MDMA (ecstasy or molly)
Widely known as a mood-altering party drug that increases pleasure, boosts energy, and intensifies feelings of empathy, the FDA granted 3,4-Methylenedioxymethamphetamine (MDMA, a Schedule I drug) breakthrough therapy designation for assisted psychotherapy for posttraumatic stress disorder (PTSD) in 2017. Since then, phase 3 trials have been underway and are expected to be completed in 2022.

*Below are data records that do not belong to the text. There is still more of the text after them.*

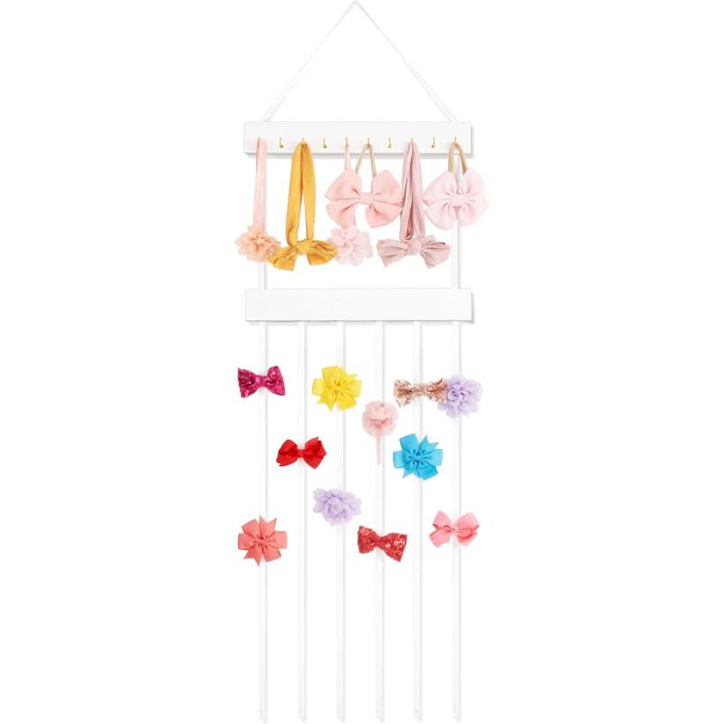 Large capability -meet all hair accessories storage needs: 2-tiers hanging bow and clip holder is suitable for a various of headwears. The upper wooden board has 10 metal hooks, which can perfectly store hair bows, headbands, scrunchies, ties, belt. White long ribbons is great for storing hair clips. Make kid’s room orderly and beautiful.
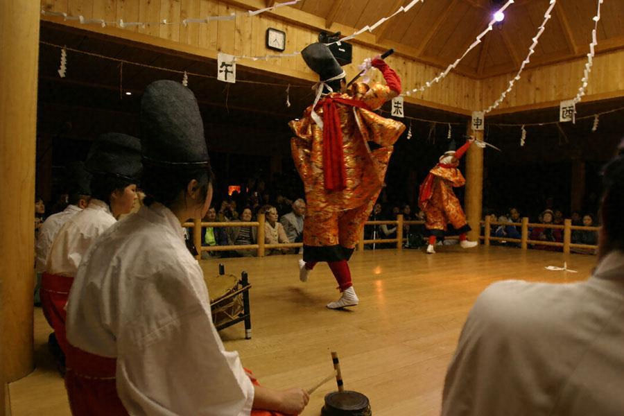「神下【かみおろし】」以下「磐戸開【いわとびらき】」に至るまで三十三座の曲目を有するが、御幣、榊、鈴、弓、剣等の採り物の舞(素面)あり、記紀の神話を素材した演劇風の舞(おもに仮面をつける)がある。荒神が高い竹竿(十メートル余の青竹)を昇る蛛蜘舞風の曲芸を見せる「天王注連【てんのうしめ】」の舞を持つなど地方的特色を見せる神楽である。
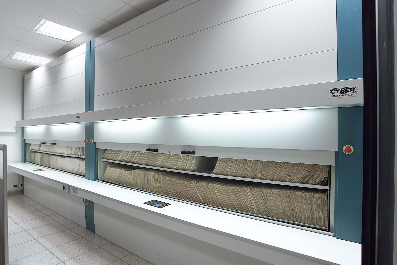 Cyber Italia ofrece una amplia gama de soluciones de vanguardia para la gestión de documentos, fármacos y materiales de varios tipos. Nuestra oferta incluye almacenes con bandejas trasladas, dispensadores automáticos, almacenes y archivos con bandejas rotativas, así como armarios móviles compactables. Nuestros sistemas se diferencian por la posibilidad de personalización e innovación: Cyber Italia no produce en serie sino según las exigencias de cada cliente. Cada solucción es diseñada para optimizar espacios, mejorar la eficencia operacional y garantizar una organización impecable, favoreciendo y promoviendo la ergonomía y un lugar de trabajo más seguro.
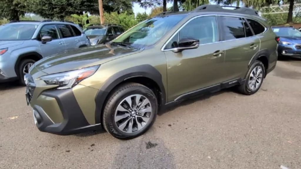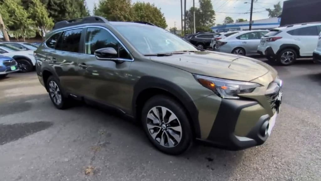 Green Metallic 2025 Subaru Outback Limited AWD CVT Lineartronic 2.5L 4-Cylinder DOHC 16V 12 Speakers, 4-Wheel Disc Brakes, ABS brakes, Air Conditioning, All-Weather Floor Liners, Alloy wheels, AM/FM radio: SiriusXM with 360L, Apple CarPlay & Android Auto, Auto High-beam Headlights, Auto-dimming Rear-View mirror, Automatic temperature control, Brake assist, Bumpers: body-color, Compass, Driver door bin, Driver vanity mirror, Dual front impact airbags, Dual front side impact airbags, Electronic Stability Control, Emergency communication system: MySubaru Safety (3-year free trial), Exterior Parking Camera Rear, Four wheel independent suspension, Front anti-roll bar, Front Bucket Seats, Front Center Armrest w/Storage, Front dual zone A/C, Front fog lights, Front reading lights, Fully automatic headlights, Garage door transmitter: HomeLink, harman/kardonî Speakers, Heated door mirrors, Heated Front Bucket Seats, Heated front seats, Heated rear seats, Heated steering wheel, HVAC memory, Illuminated entry, Knee airbag, Leather Shift Knob, Leather steering wheel, LED Upgrade, Low tire pressure warning, Memory seat, Navigation system: TomTom Navigation w/what3words, Occupant sensing airbag, Outside temperature display, Overhead airbag, Overhead console, Panic alarm, Passenger door bin, Passenger vanity mirror, Perforated Leather-Trimmed Upholstery, Power door mirrors, Power driver seat, Power Liftgate, Power moonroof, Power passenger seat, Power steering, Power windows, Radio: Subaru 11.6 Multimedia System w/Navigation, Rear anti-roll bar, Rear Bumper Cover, Rear Seat Back Protector, Rear seat center armrest, Rear window defroster, Rear window wiper, Remote keyless entry, Roof rack, Security system, Speed control, Speed-sensing steering, Splash Guards, Split folding rear seat, Spoiler, Standard Model, Steering wheel mounted audio controls, Tachometer, Telescoping steering wheel, Tilt steering wheel, Traction control, Trip computer, Turn signal indicator mirrors, Variably intermittent wipers, Wheels: 18 x 7J Black Aluminum-Alloy.
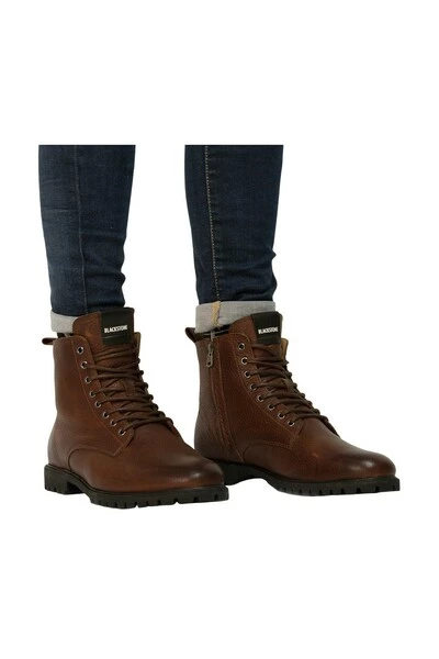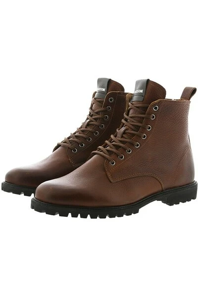 De SG49 boots kenmerken zich door het herkenbare, minimalistische design, het bovenwerk dat gemaakt is van premium zacht leer, een stevige profielzool, een zachte schapenvacht voering, een rits aan de binnenkant van de schoenen, gewaxte veters en metalen eyelets. Pinroll of vouw je jeans tot net boven de boots voor een edgy en on-trend look.
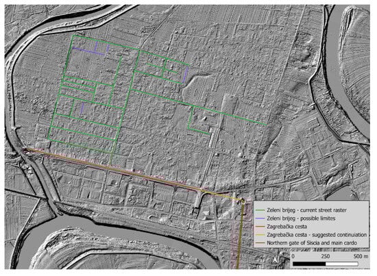 The azimuth of centuriation is 15 degrees. It is worth mentioning that the streets of present day Sisak in its northern part (Zeleni brijeg), outside of the Roman town perimeter, have the same orientation, while the street grid in the part of the town that was Roman Siscia has a different orientation. We can conclude that this block of land division was finalized at the northern entrance to Roman Siscia. The existing Zagrebačka cesta entering Sisak from the west Siscia follows that azimuth, as well as the Zeleni brijeg part of the town (Figure 8). On LIDAR visualization, there are some visible features that could present the remains of limites since they are not part of present streets and blocks.
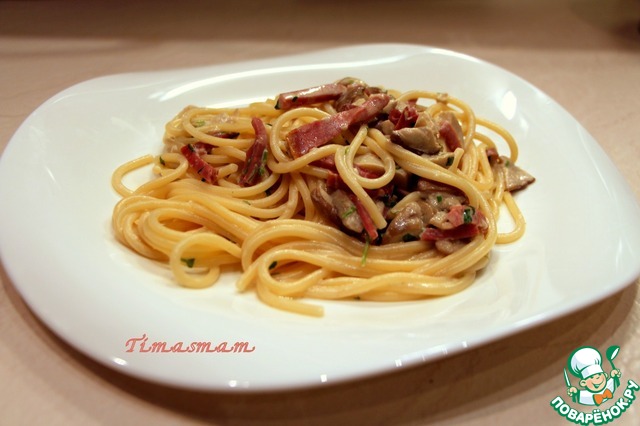 | Когда нам привезли пармскую ветчину и настоящие итальянские спагетти, купленные в Италии, сразу же возник вопрос — как это все приготовить? Никто не сомневался, что это будет именно паста!!! |

“We are studying whether MDMA-assisted psychotherapy can help health the psychological and emotional damage caused by sexual assault, war, violent crime, and other traumas,” researchers wrote on the website of the Multidisciplinary Association for Psychedelic Studies (MAPS), a non-profit organization developing medical, legal, and cultural contexts for people to benefit from careful uses of psychedelics and marijuana. “We also sponsored completed studies of MDMA-assisted psychotherapy for autistic adults with social anxiety, and MDMA-assisted psychotherapy for anxiety related to life-threatening illness.”
According to ClinicalTrials.gov, there are 17 trials of MDMA currently ongoing, including those mentioned above, plus trials testing MDMA on startle response and even in healthy volunteers.
Following the evidence
As more evidence is gathered, our understanding of illegal drugs will become clearer. It’s likely that new data will lend support to efforts to reschedule some of these drugs, legalize others, and approve many more for additional medical uses. It all depends on whether the research uncovers new benefits that outweigh the known risks.